The maximum correlations are associated with a relatively long cumulative wind forcing for both seasons, although the response of isohaline and isotherm depths to the NE winds is also clear for shorter wind averaging periods. For instance, the correlations of D−1° and D33.8 with instantaneous wind (corresponding to 1-day averaging period) are approximately −0.30 and −0.35. For an averaging period of 8 days—a typical time scale for storms on the Alaskan coast (Pickart et al. 2013b)—the summer correlations exceed −0.50 for both D−1° and D33.8 and the correlations in winter are −0.31 and −0.39, respectively (Fig. 4a). Hereafter we use an averaging period of 8 days, following Pickart et al. (2013b), as a time interval that is sufficient for the development of upwelling or downwelling along the Mackenzie slope.
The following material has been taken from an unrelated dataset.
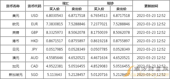 汇丰银行外汇牌价一览 3月23日汇丰银行人民币汇率多少?下面同南方财富网吾悟君来看看。
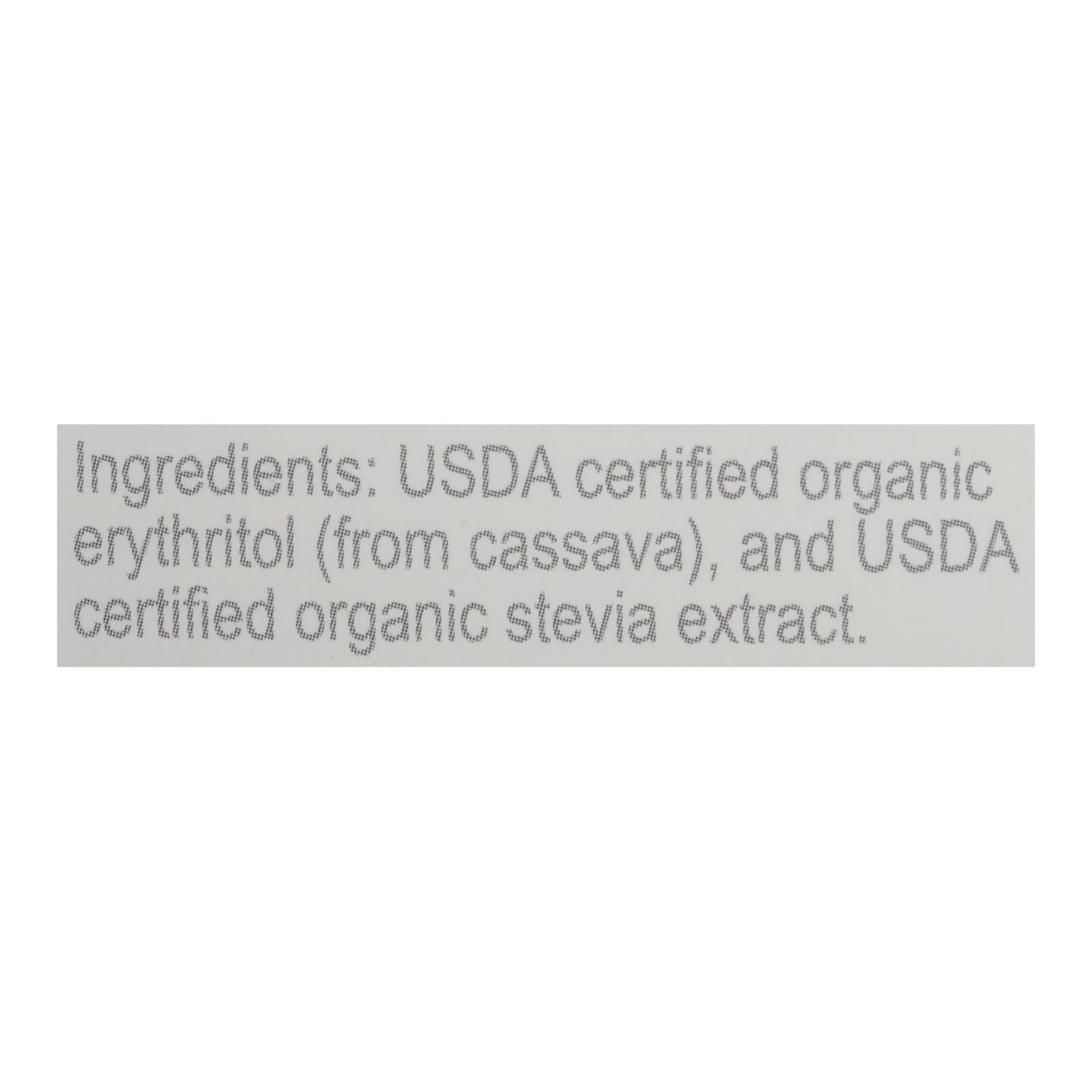 ingredients : usda certified organic erythritol and usda certified organic stevita stevia

For simplification, we continue using the term “NE” for the upwelling-favorable wind direction, but the wind projection at 239° (T59°) was intrinsically used as a mean direction found for 8-day averaging periods (Fig. 4b).

To characterize the typical large-scale atmospheric patterns that result in upwelling or downwelling at the Mackenzie slope, we construct a composite of SLP over the Canadian Arctic for periods when D−1° and D33.8 within the deep zone of the Mackenzie slope exceed the mean by plus or minus one standard deviation—that is, for conditions when extreme upwelling and downwelling events are presumably present (see Fig. 2). The mean upwelling- and downwelling-favorable 8-day-averaged SLPs corresponding to these displacements are shown in Fig. 5. During both summer and winter, the upwelling, characterized by shallower isotherms and isohalines, is evident when easterly geostrophic winds over the Mackenzie slope are present. These winds are closely related to the presence of two climatological centers of action—the Beaufort high (BH) in the Canadian basin and the Aleutian low (AL). Both the BH and AL are located at approximately the same positions during extreme upwelling events in summer and winter, although both centers are weaker during the ice-free season (Figs. 5a,d). Despite the smaller SLP difference between BH and AL in summer (15.2 vs 24.1 hPa during winter) the cross-slope SLP gradients over the Mackenzie shelf are higher, suggesting the presence of stronger easterly winds during extreme upwellings. In winter, the zone of high SLP gradients is shifted southward toward the center of Alaska, leading to weaker easterly winds over the Mackenzie shelf when compared to July–September.

Fig. 5.
Fig. 5.

The mean (a),(b) summer and (d),(e) winter sea level pressure (hPa) for all years with (a),(d) upwelling and (b),(e) downwelling isotherms and isohalines exceeding plus or minus one standard deviation from mean D−1° and D33.8 within the deep zone of the Mackenzie slope. Black crosses and numbers indicate the 1948–2014 mean Aleutian low and Beaufort high positions and central SLPs for (c) July–October and (f) March–April. The linear correlations between D−1° and SLP for an 8-day averaging period preceding the event are shown for summer in (c) and winter in (f).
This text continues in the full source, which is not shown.